Threat actors have weaponized Artificial Intelligence (AI) making malware and other advanced persistent threats (APTs) capable of circumventing or hiding from lagging next generation antivirus (NGAV), anti-malware, sandboxing, and other threat detection technologies. AI enabled malicious software can quickly detect the environment they are operating in and take evasive measures to escape detection and removal. The only way to combat weaponized AI is with purpose-built AI models looking for small non-normal or suspicious behavior across magnitudes of activity over large periods of time. Network detection & response (NDR) tools are implementing AI models designed for specific threat hunting use cases to find and remove weaponized AI. This whitepaper provides a basic overview of the AI technologies used within purpose-built AI models in Sangfor’s Cyber Command NDR capability and the primary threat hunting use cases the AI models detect.

Introduction

Cyberattacks have become much more sophisticated in the past several years. Malware has been rearchitected to be modular allowing the swapping of payloads based on an attacker’s requirements. Many of these payloads weaponize AI by using artificial intelligence to quickly identify the surrounding environment allowing for smarter, more targeted attacks. Malware and APTs can easily determine if they are executed in a sandbox and immediately become dormant to evade detection. The AI can identify the domain and location of the host to deploy specific payloads or activate only if the host is inside the correct company or city. For example, the REvil ransomware is designed to deactivate if the host is part of a Russian language domain.

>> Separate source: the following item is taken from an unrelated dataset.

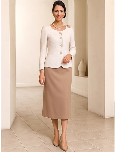 Из двух частей А-силуэт Платье Костюм Платье для матери невесты Элегантный стиль Винтаж Вырез под горло Ниже колена Полиэстер Длинный рукав с Пуговицы

Network detection & response (NDR) tools are being deployed by organizations to provide greater visibility of known and unknown threats across a network and then respond swiftly to them. NDR uses artificial intelligence to uncover hidden threats facilitated by weaponized AI. However, deploying AI for AI’s sake to generally detect threats is not a viable solution as generalized AI is prone to large amounts of false positives and false negatives; you cannot catch all fish using the same bait. The most efficient way to combat weaponized AI is by implementing purpose-built AI models designed to detect specific behaviors. Sangfor’s Cyber Command NDR capability is designed to detect specific threat hunting use cases using AI models designed for each use case. The most common use cases Cyber Command NDR is used for are DGA domain detection, encrypted communications modeling & attack detection, malware & ransomware protection, and user & entity behavior analytics (UEBA).

Basics of AI Technology

To understand the purpose-built AI models used in Cyber Command’s NDR capability, a little background about AI modeling is provided for the reader’s convenience.

The Three Waves of AI

Artificial intelligence, in some form, has been around for decades. But to understand how AI works, there needs to be a definition of the ability to process information that can be called “intelligence” before building an artificial one. The U.S. Defense Advanced Research Projects Agency (DARPA) has long described the evolution of AI technology in three waves. In these waves, intelligence was defined using four metrics:

Perceiving: collecting and identifying rich, complex, and subtle information
Learning: changing understanding and the rules or models within a given environment
Abstracting: to create new meaning
Reasoning: to plan and to decide

Using these metrics, we can determine artificial intelligence’s ability to process information.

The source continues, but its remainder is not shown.